Data supplied:
Start of Block
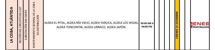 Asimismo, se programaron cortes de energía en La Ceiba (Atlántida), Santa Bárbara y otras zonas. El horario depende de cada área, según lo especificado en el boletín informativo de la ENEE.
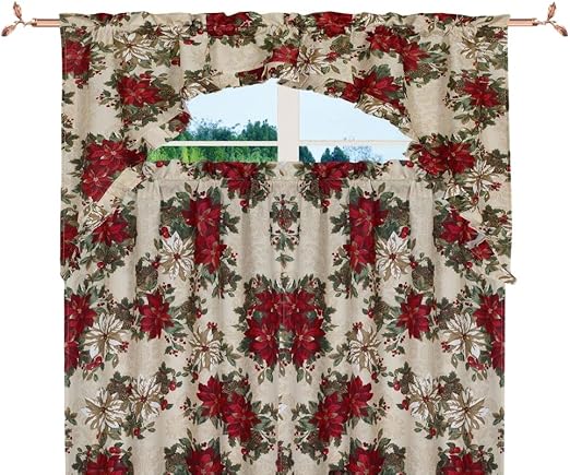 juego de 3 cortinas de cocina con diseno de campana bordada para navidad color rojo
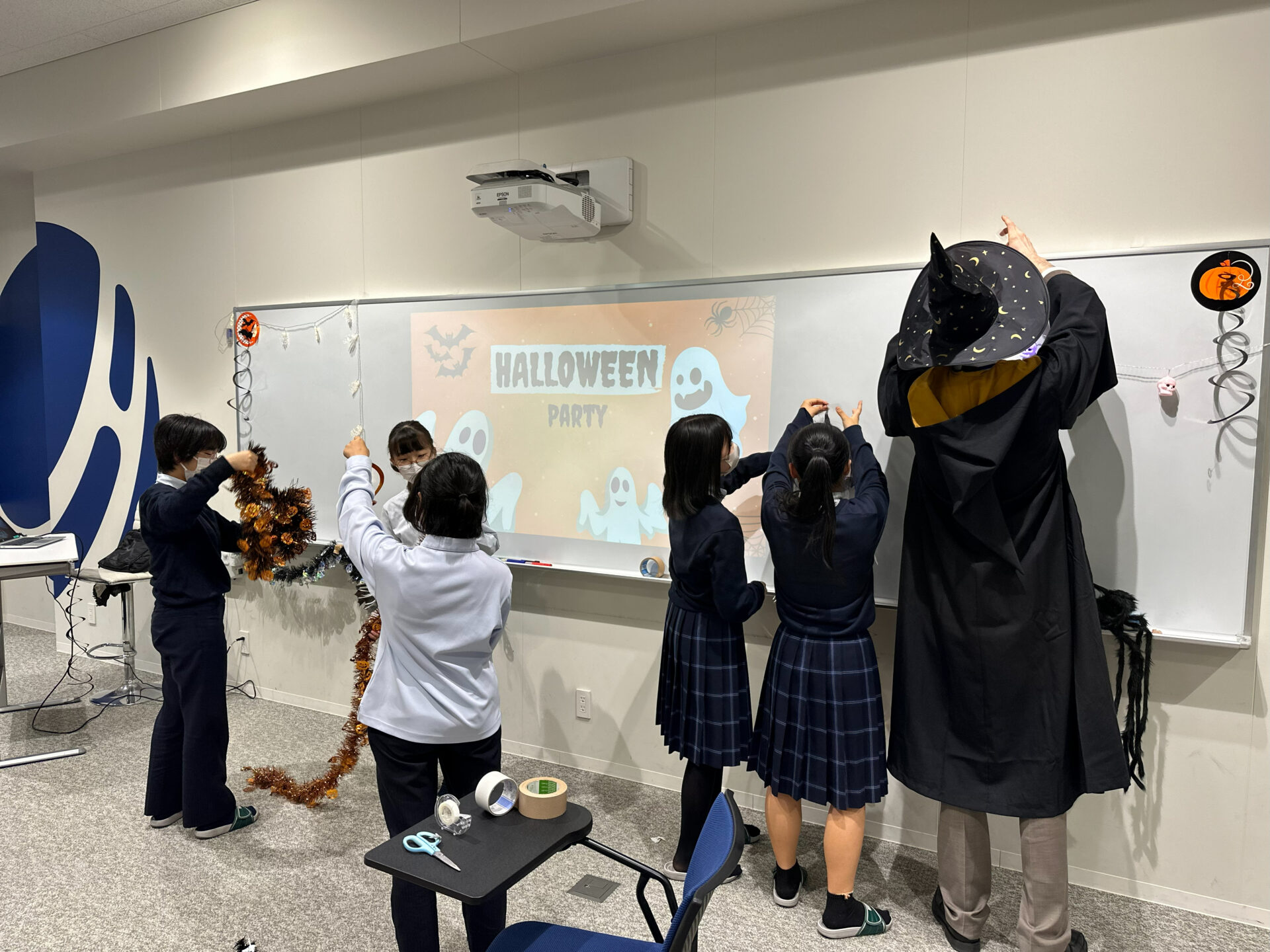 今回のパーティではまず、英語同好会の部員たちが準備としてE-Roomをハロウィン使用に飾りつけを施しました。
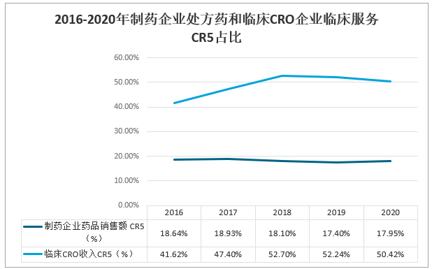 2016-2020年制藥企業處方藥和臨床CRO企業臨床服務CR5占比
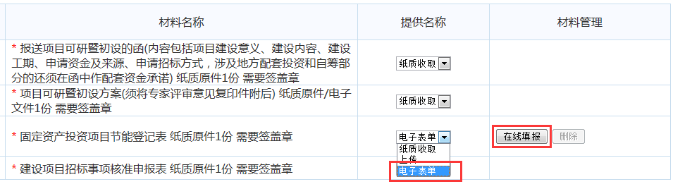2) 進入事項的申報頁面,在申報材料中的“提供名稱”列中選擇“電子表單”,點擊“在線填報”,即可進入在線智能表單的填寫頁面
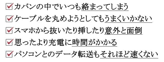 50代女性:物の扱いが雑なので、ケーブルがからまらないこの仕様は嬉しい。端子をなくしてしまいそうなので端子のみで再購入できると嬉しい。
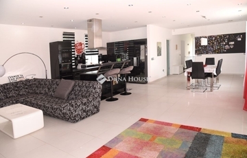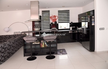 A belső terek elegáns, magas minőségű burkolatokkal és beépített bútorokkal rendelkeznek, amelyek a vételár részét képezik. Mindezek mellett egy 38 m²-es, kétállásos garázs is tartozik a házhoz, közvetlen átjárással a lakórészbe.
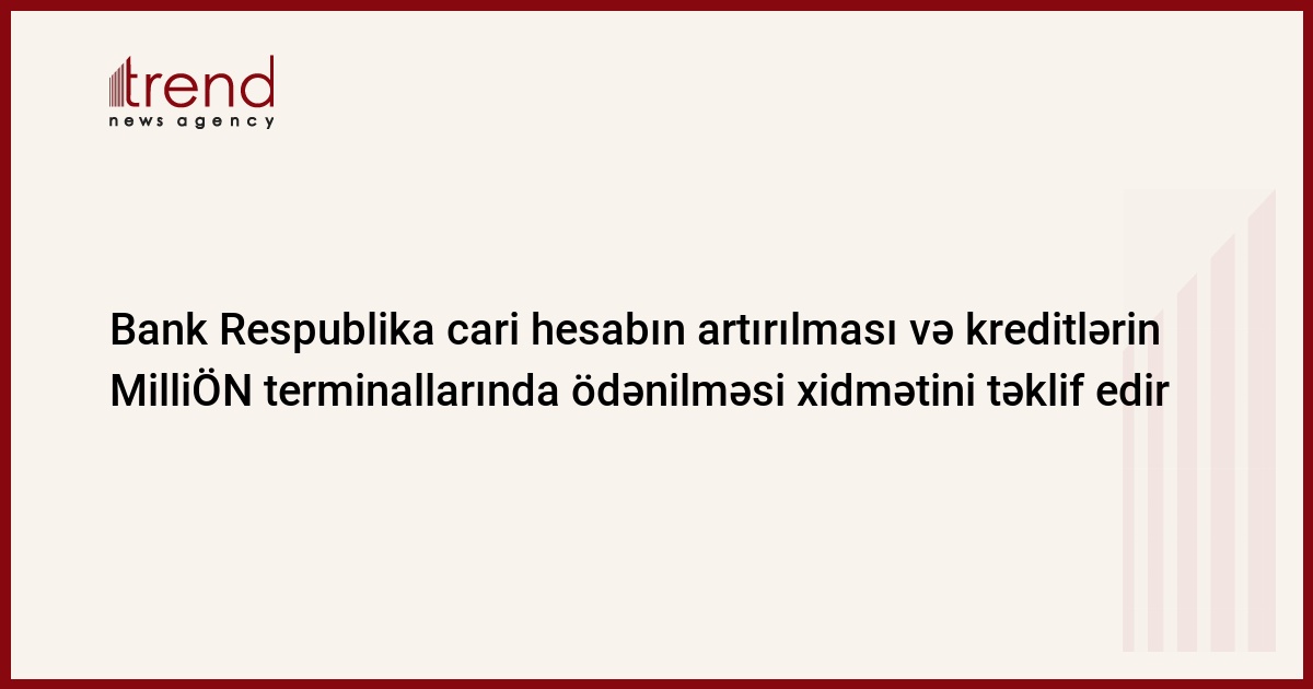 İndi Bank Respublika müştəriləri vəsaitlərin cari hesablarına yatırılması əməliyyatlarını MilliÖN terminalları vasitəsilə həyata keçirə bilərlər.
End of Block
Start of Block
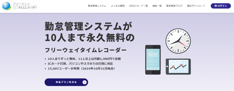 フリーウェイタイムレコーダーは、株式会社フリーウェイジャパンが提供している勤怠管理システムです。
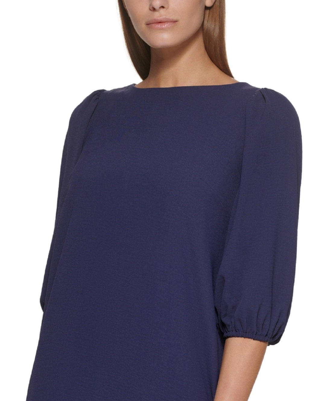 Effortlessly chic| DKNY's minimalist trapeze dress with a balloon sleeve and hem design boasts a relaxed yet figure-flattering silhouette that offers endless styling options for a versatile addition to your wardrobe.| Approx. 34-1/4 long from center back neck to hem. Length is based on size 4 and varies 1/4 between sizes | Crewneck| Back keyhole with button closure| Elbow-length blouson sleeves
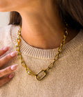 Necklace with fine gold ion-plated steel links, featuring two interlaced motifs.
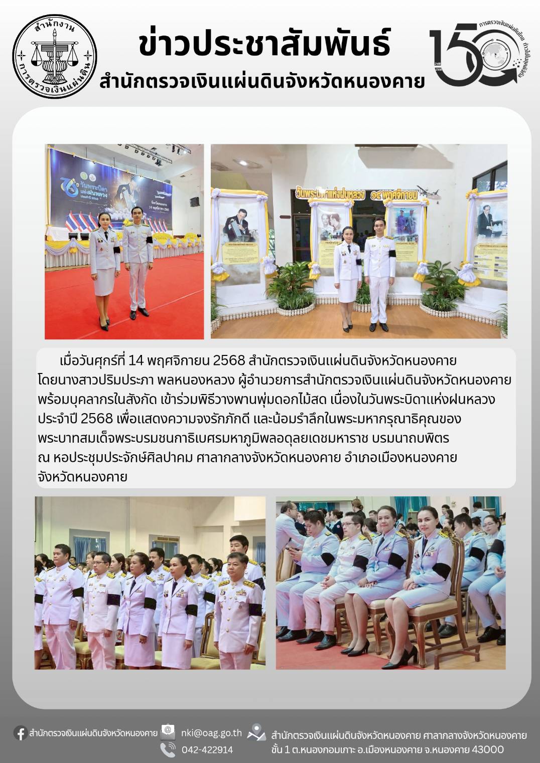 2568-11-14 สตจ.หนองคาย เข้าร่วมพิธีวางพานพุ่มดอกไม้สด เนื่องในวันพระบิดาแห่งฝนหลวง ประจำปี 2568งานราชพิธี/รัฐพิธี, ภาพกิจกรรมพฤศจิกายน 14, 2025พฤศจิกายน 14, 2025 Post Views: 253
End of Block
Start of Block
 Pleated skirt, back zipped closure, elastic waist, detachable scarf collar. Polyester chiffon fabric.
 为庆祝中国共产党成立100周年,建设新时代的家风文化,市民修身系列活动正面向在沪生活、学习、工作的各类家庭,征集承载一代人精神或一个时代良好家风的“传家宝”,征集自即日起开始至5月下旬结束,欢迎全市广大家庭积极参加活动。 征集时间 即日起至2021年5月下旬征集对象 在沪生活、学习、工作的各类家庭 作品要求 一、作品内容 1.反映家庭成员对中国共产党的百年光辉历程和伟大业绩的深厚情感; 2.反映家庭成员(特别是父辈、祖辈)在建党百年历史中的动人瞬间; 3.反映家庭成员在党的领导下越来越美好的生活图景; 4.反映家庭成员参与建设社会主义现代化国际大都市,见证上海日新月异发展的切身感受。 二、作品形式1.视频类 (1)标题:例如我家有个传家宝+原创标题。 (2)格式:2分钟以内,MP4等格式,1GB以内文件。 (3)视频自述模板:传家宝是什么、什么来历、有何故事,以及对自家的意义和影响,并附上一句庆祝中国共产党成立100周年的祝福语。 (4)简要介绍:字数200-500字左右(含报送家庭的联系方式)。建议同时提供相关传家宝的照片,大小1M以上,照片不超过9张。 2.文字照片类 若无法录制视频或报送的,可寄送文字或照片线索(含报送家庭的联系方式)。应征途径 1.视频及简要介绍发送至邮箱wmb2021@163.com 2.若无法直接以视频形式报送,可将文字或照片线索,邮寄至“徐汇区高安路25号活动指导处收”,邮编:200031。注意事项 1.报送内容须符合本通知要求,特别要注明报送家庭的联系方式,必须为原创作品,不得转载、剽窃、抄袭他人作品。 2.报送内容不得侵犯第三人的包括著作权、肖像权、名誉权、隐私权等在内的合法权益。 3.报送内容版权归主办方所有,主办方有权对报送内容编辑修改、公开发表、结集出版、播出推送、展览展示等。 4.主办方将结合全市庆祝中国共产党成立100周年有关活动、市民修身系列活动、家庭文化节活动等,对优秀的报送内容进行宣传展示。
End of Block
What the task asks: Each line from the one that contains "2) 進入事項的申報頁面,在" down to the one that contains "İndi Bank Respublika" is to be returned exactly as it stands above, both ends included, with pictures removed.

Result for this exercise:
2) 進入事項的申報頁面,在申報材料中的“提供名稱”列中選擇“電子表單”,點擊“在線填報”,即可進入在線智能表單的填寫頁面
 50代女性:物の扱いが雑なので、ケーブルがからまらないこの仕様は嬉しい。端子をなくしてしまいそうなので端子のみで再購入できると嬉しい。
 A belső terek elegáns, magas minőségű burkolatokkal és beépített bútorokkal rendelkeznek, amelyek a vételár részét képezik. Mindezek mellett egy 38 m²-es, kétállásos garázs is tartozik a házhoz, közvetlen átjárással a lakórészbe.
 İndi Bank Respublika müştəriləri vəsaitlərin cari hesablarına yatırılması əməliyyatlarını MilliÖN terminalları vasitəsilə həyata keçirə bilərlər.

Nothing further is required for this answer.